(January 2023) In 2021 the US has become the world’s top destination for foreign direct investment (FDI) with $5 trillion of accumulated inward FDI, while China has moved up to the third position. 

  • According to the IMF's Coordinated Direct Investment Survey the US inward FDI position increased by record high of $506 billion in 2021. China's inward FDI position for the same year increased by $364 billion and amounted to $3.6 trillion.
  • Smaller economies that represent financial offshore centers take prominent positions among the global top 10. The Netherlands, Luxembourg, Hong Kong SAR, Singapore, Ireland, and Switzerland are listed among top 10 FDI destinations even though none of these economies rank among the top 10 when it comes to gross domestic product.
  • To obtain tax or regulatory benefits many multinational companies set up special purpose entities in offshore financial centers, which boosts FDI statistics but has very limited impact on hosting economy.

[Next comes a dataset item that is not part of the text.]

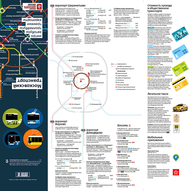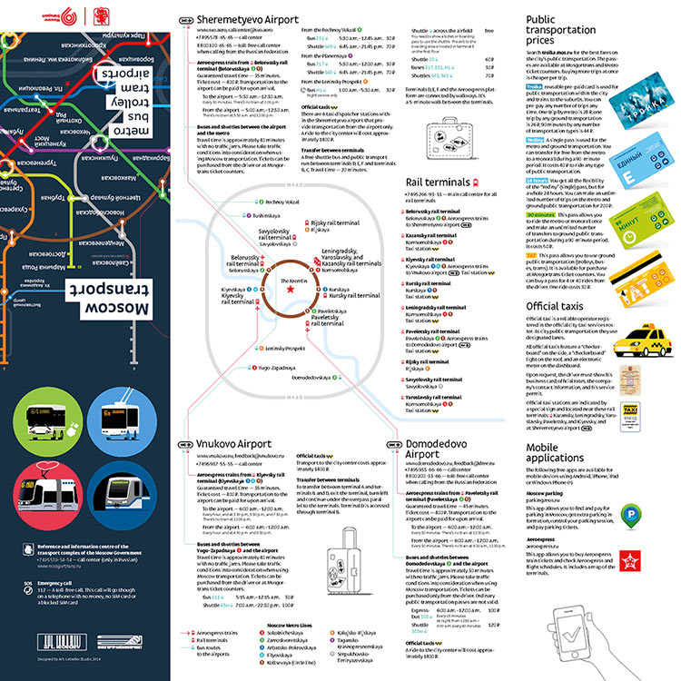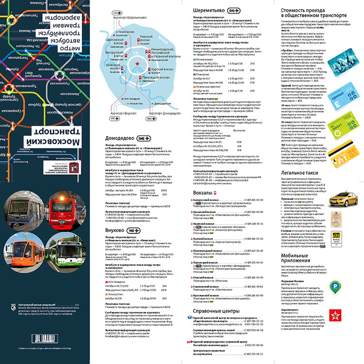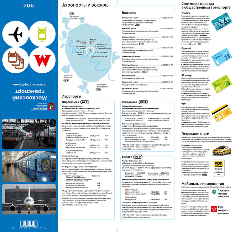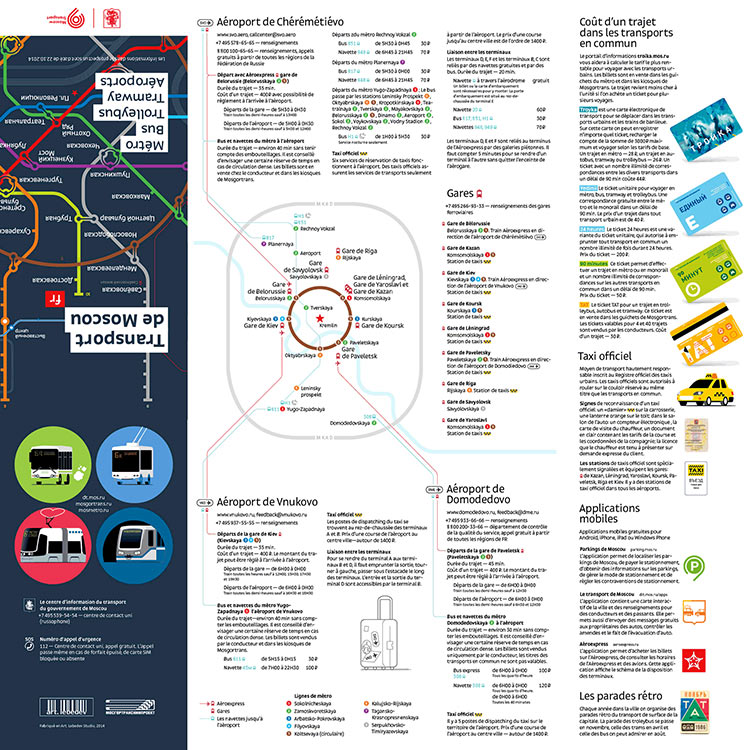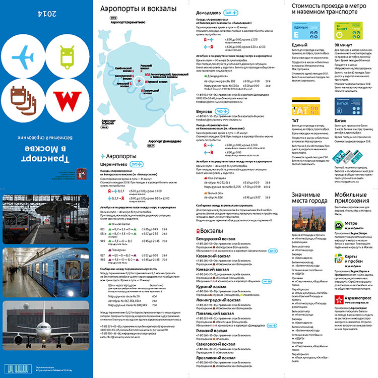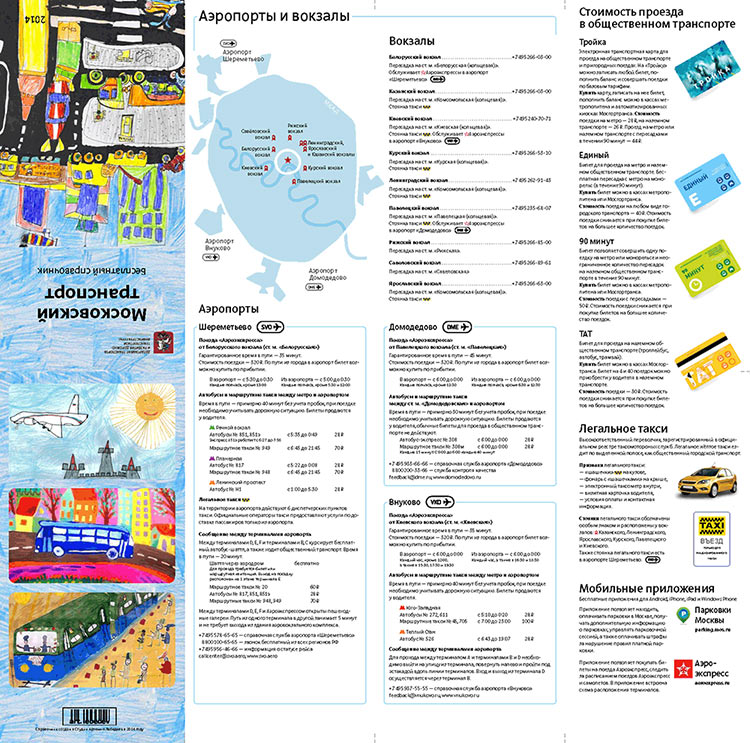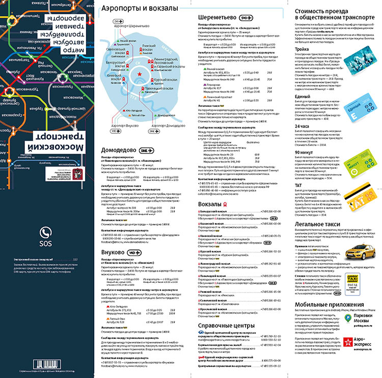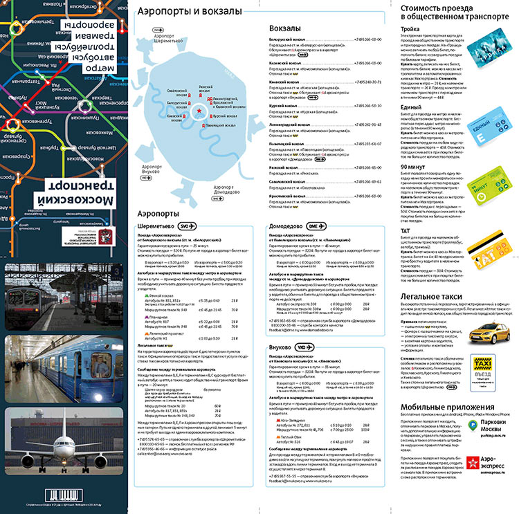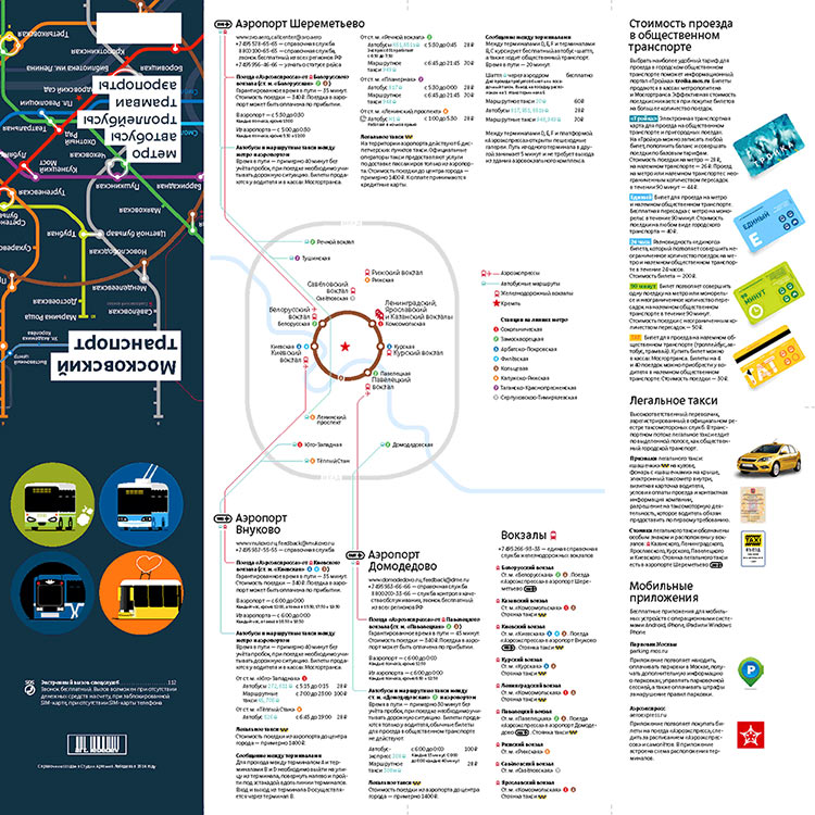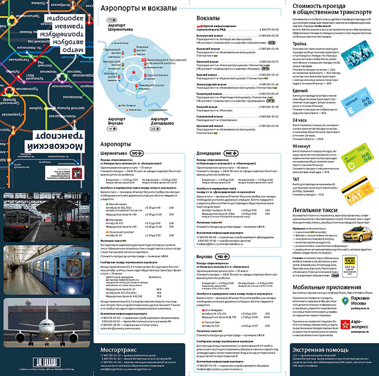 Collecting the information about airports, rail terminals, taxis, night and active day routes of ground transport within Sadovoye Koltso (the Garden Ring). The designer draws the “night” and “garden” ground transportation maps. Typesetting the Metro map with a list of stations, adding advice to install mobile apps that would be helpful to a tourist. Preparing an insert on landmarks. Coming up with a cover in five minutes and taking the mock-up to the Department of Transportation for the first presentation.

  • The latest data from the MF's Coordinated Direct Investment Survey shows that the share of offshore financial centers in accumulation of inward FDI has gradually declined since 2017 which IMF economists explain by several policy initiatives. The US Tax Cuts and Jobs Act as well as OECD/G20 Base Erosion and Profit Shifting initiative could reduce incentives to keep profits in low-tax jurisdictions and led to a substantial US repatriation of funds from foreign subsidiaries.